** EXERCISE **
Return the records below character for character.

[Records from a dataset]
^^^^

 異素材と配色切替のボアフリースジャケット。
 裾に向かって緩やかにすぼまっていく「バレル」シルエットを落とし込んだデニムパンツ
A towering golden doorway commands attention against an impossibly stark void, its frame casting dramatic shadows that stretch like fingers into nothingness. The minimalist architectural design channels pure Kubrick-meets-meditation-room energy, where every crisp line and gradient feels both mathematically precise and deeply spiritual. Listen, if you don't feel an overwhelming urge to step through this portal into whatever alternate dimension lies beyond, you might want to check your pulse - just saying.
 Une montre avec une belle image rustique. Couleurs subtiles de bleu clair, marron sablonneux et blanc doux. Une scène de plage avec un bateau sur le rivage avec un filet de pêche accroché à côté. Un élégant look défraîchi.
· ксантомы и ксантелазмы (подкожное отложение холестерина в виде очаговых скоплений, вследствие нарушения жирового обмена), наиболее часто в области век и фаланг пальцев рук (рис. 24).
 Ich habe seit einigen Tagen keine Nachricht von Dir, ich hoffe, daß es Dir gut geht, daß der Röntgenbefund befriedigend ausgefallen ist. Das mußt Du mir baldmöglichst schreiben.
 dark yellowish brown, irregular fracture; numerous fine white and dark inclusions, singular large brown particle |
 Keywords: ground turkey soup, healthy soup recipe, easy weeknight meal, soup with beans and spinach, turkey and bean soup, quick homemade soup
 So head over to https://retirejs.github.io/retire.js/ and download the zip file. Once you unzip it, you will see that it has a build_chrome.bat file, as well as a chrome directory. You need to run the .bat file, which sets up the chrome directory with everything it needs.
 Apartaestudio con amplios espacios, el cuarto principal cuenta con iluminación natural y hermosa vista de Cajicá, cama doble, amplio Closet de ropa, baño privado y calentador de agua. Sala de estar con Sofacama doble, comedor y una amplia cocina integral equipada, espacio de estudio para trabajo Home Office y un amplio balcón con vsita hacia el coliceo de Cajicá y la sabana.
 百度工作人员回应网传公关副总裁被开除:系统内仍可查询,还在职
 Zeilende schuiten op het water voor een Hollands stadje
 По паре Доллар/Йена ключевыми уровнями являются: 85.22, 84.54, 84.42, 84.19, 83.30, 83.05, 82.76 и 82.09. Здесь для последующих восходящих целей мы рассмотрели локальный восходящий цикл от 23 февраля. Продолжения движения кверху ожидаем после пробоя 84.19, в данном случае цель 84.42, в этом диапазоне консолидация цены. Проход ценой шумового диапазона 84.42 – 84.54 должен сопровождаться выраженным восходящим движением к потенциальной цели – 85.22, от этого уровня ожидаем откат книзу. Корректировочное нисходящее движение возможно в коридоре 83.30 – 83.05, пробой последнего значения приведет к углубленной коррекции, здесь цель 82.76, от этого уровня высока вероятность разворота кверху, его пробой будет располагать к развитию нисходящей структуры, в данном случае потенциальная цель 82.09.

^^^^

** OUTPUT FOR THIS EXERCISE **
 異素材と配色切替のボアフリースジャケット。
 裾に向かって緩やかにすぼまっていく「バレル」シルエットを落とし込んだデニムパンツ
A towering golden doorway commands attention against an impossibly stark void, its frame casting dramatic shadows that stretch like fingers into nothingness. The minimalist architectural design channels pure Kubrick-meets-meditation-room energy, where every crisp line and gradient feels both mathematically precise and deeply spiritual. Listen, if you don't feel an overwhelming urge to step through this portal into whatever alternate dimension lies beyond, you might want to check your pulse - just saying.
 Une montre avec une belle image rustique. Couleurs subtiles de bleu clair, marron sablonneux et blanc doux. Une scène de plage avec un bateau sur le rivage avec un filet de pêche accroché à côté. Un élégant look défraîchi.
· ксантомы и ксантелазмы (подкожное отложение холестерина в виде очаговых скоплений, вследствие нарушения жирового обмена), наиболее часто в области век и фаланг пальцев рук (рис. 24).
 Ich habe seit einigen Tagen keine Nachricht von Dir, ich hoffe, daß es Dir gut geht, daß der Röntgenbefund befriedigend ausgefallen ist. Das mußt Du mir baldmöglichst schreiben.
 dark yellowish brown, irregular fracture; numerous fine white and dark inclusions, singular large brown particle |
 Keywords: ground turkey soup, healthy soup recipe, easy weeknight meal, soup with beans and spinach, turkey and bean soup, quick homemade soup
 So head over to https://retirejs.github.io/retire.js/ and download the zip file. Once you unzip it, you will see that it has a build_chrome.bat file, as well as a chrome directory. You need to run the .bat file, which sets up the chrome directory with everything it needs.
 Apartaestudio con amplios espacios, el cuarto principal cuenta con iluminación natural y hermosa vista de Cajicá, cama doble, amplio Closet de ropa, baño privado y calentador de agua. Sala de estar con Sofacama doble, comedor y una amplia cocina integral equipada, espacio de estudio para trabajo Home Office y un amplio balcón con vsita hacia el coliceo de Cajicá y la sabana.
 百度工作人员回应网传公关副总裁被开除:系统内仍可查询,还在职
 Zeilende schuiten op het water voor een Hollands stadje
 По паре Доллар/Йена ключевыми уровнями являются: 85.22, 84.54, 84.42, 84.19, 83.30, 83.05, 82.76 и 82.09. Здесь для последующих восходящих целей мы рассмотрели локальный восходящий цикл от 23 февраля. Продолжения движения кверху ожидаем после пробоя 84.19, в данном случае цель 84.42, в этом диапазоне консолидация цены. Проход ценой шумового диапазона 84.42 – 84.54 должен сопровождаться выраженным восходящим движением к потенциальной цели – 85.22, от этого уровня ожидаем откат книзу. Корректировочное нисходящее движение возможно в коридоре 83.30 – 83.05, пробой последнего значения приведет к углубленной коррекции, здесь цель 82.76, от этого уровня высока вероятность разворота кверху, его пробой будет располагать к развитию нисходящей структуры, в данном случае потенциальная цель 82.09.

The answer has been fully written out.